------ Data extract

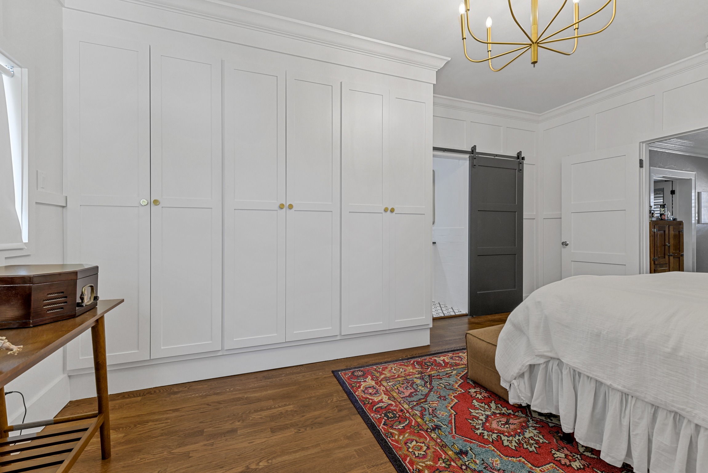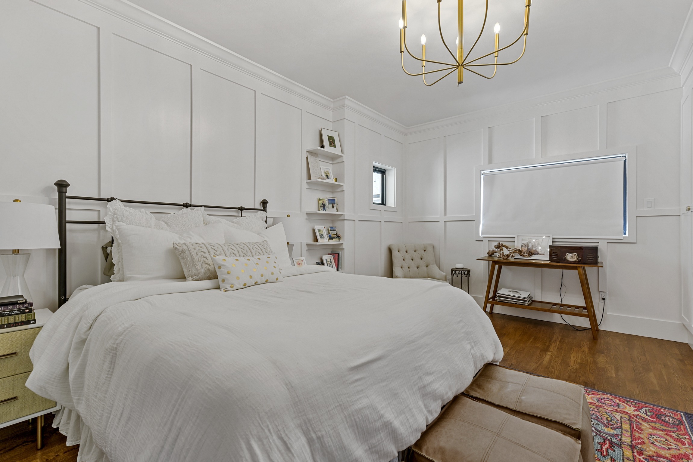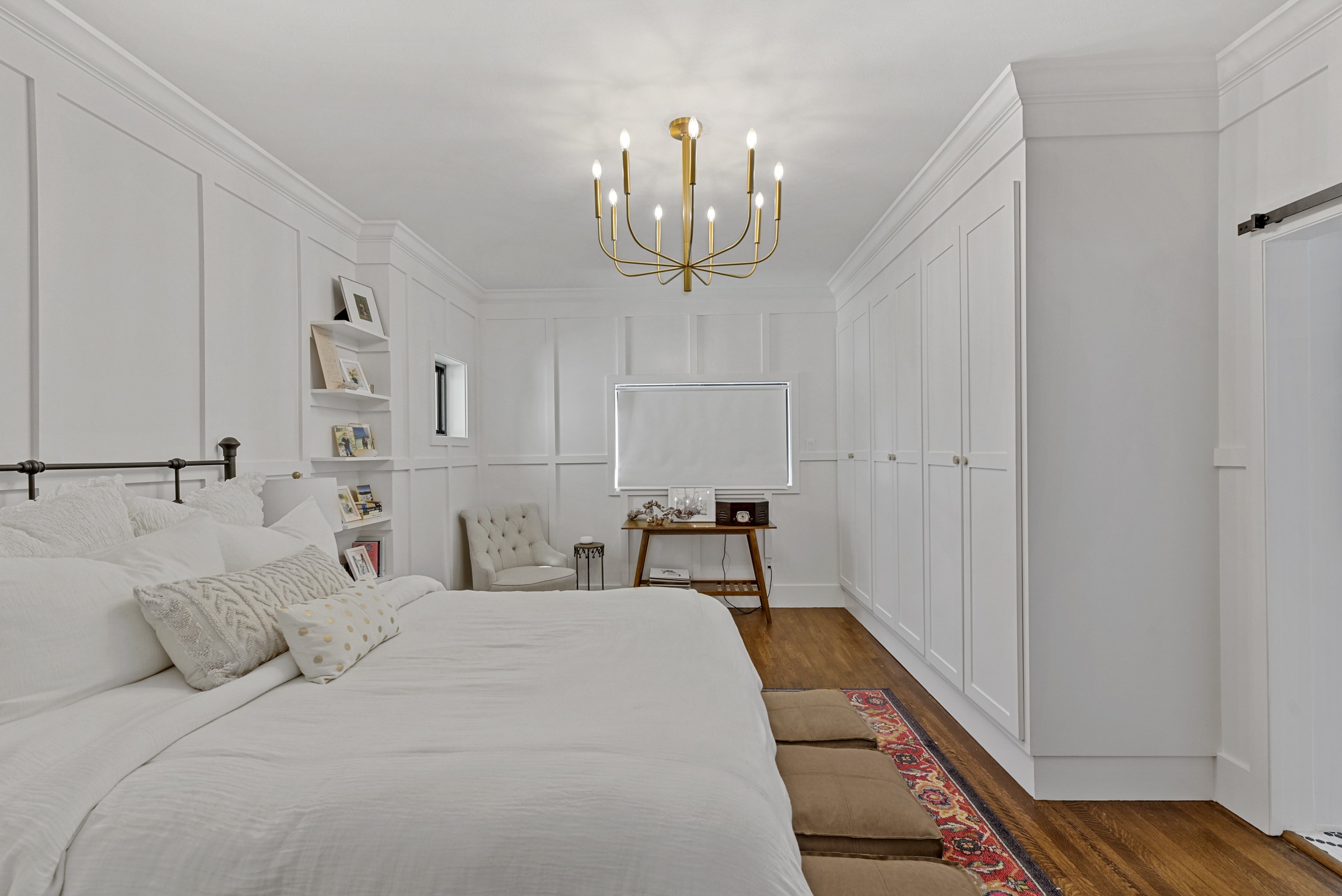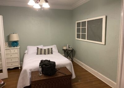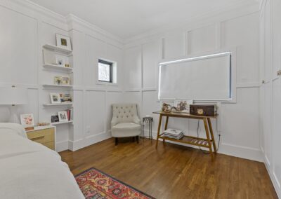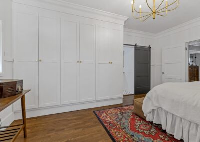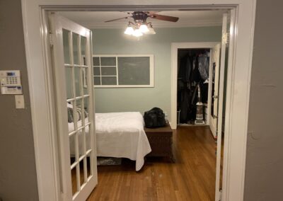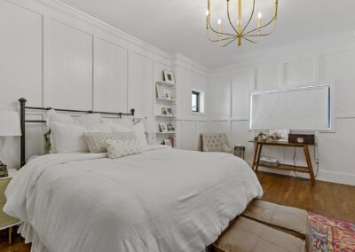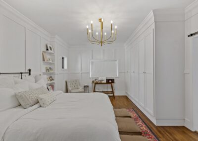 We helped these clients in Fort Worth add some square footage to an originally tiny bedroom. We moved the exterior wall back and added a window. They worked with an outside designer who encouraged the board and batten molding on the walls. This room also has a custom-built master closet and new hardwood floors to match the rest of the house.
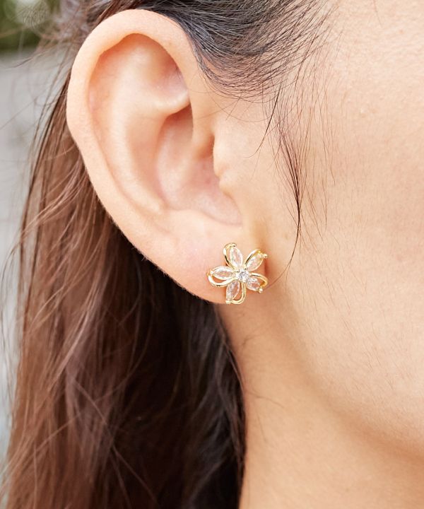 プルメリアのワンポイントピアス。耳元からさりげなく輝くプルメリアで女性らしさを演出してみてはいかがでしょうか。
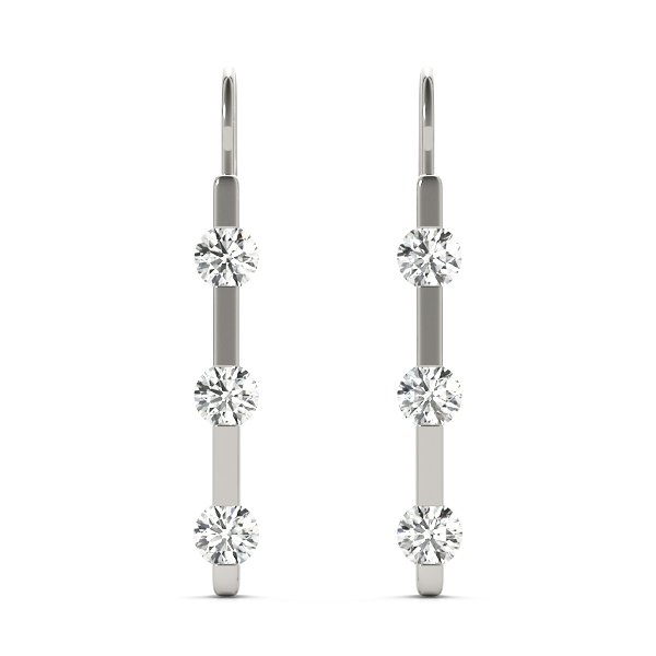 DIAMOND 3 STONE BAR EARRINGS in 14K White Gold
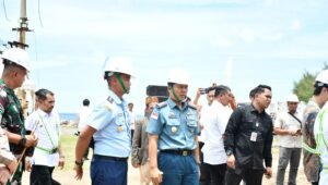 refubliknews.com, – TNI AL, Sabang,- Komandan Lanal Sabang (Danlanal Sabang) Kolonel Laut (P) Gita Muharam, M.Sc., beserta Unsur Forkopimda Sabang menyambut Kedatangan Menteri Kelautan dan Perikanan RI Ir. Sakti Wahyu Terenggono, M.M., beserta rombongan dalam rangka Ground Breaking Pembangunan Pelabuhan Perikanan Ie Meule Sabang menggunakan Pesud PK-YRA, bertempat di Lanud Maimun Saleh, Ujong Kareung, Kecamatan Sukajaya, Kota Sabang, Senin (26/08/2024).
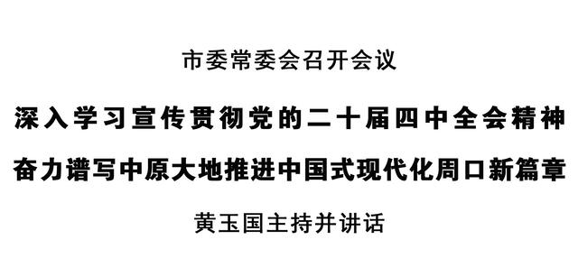 會議強調(diào),要把學(xué)習(xí)宣傳貫徹黨的二十屆四中全會精神,作為各級黨委(黨組)理論學(xué)習(xí)中心組集體學(xué)習(xí)的重要內(nèi)容,納入黨校(行政學(xué)院)教育培訓(xùn)的必修課程,做到黨員干部全覆蓋;各級宣傳部門要充分利用各種形式和手段,做好權(quán)威解讀和分眾化傳播,讓廣大黨員干部群眾聽得懂、記得住、落實在行動上;要把貫徹落實全會精神與習(xí)近平總書記在河南考察時重要講話精神緊密結(jié)合起來,聚焦“兩高四著力”,錨定“1+2+4+N”目標(biāo)任務(wù)體系,落實市委“16232”總體工作思路,突出抓好重點項目建設(shè)和招商引資、農(nóng)業(yè)農(nóng)村、城市規(guī)劃建設(shè)管理、文旅發(fā)展、民生實事、社會治理等重點工作,全力以赴打贏“十四五”收官戰(zhàn),高質(zhì)量編制“十五五”規(guī)劃,切實把全會部署轉(zhuǎn)化為推動現(xiàn)代化周口建設(shè)的實際行動。

------------

_Task directions_
Write out, word for word, the lines from the start of the data through the one holding "refubliknews.com, – TNI". Omit pictures.

_Output of the task_
 We helped these clients in Fort Worth add some square footage to an originally tiny bedroom. We moved the exterior wall back and added a window. They worked with an outside designer who encouraged the board and batten molding on the walls. This room also has a custom-built master closet and new hardwood floors to match the rest of the house.
 プルメリアのワンポイントピアス。耳元からさりげなく輝くプルメリアで女性らしさを演出してみてはいかがでしょうか。
 DIAMOND 3 STONE BAR EARRINGS in 14K White Gold
 refubliknews.com, – TNI AL, Sabang,- Komandan Lanal Sabang (Danlanal Sabang) Kolonel Laut (P) Gita Muharam, M.Sc., beserta Unsur Forkopimda Sabang menyambut Kedatangan Menteri Kelautan dan Perikanan RI Ir. Sakti Wahyu Terenggono, M.M., beserta rombongan dalam rangka Ground Breaking Pembangunan Pelabuhan Perikanan Ie Meule Sabang menggunakan Pesud PK-YRA, bertempat di Lanud Maimun Saleh, Ujong Kareung, Kecamatan Sukajaya, Kota Sabang, Senin (26/08/2024).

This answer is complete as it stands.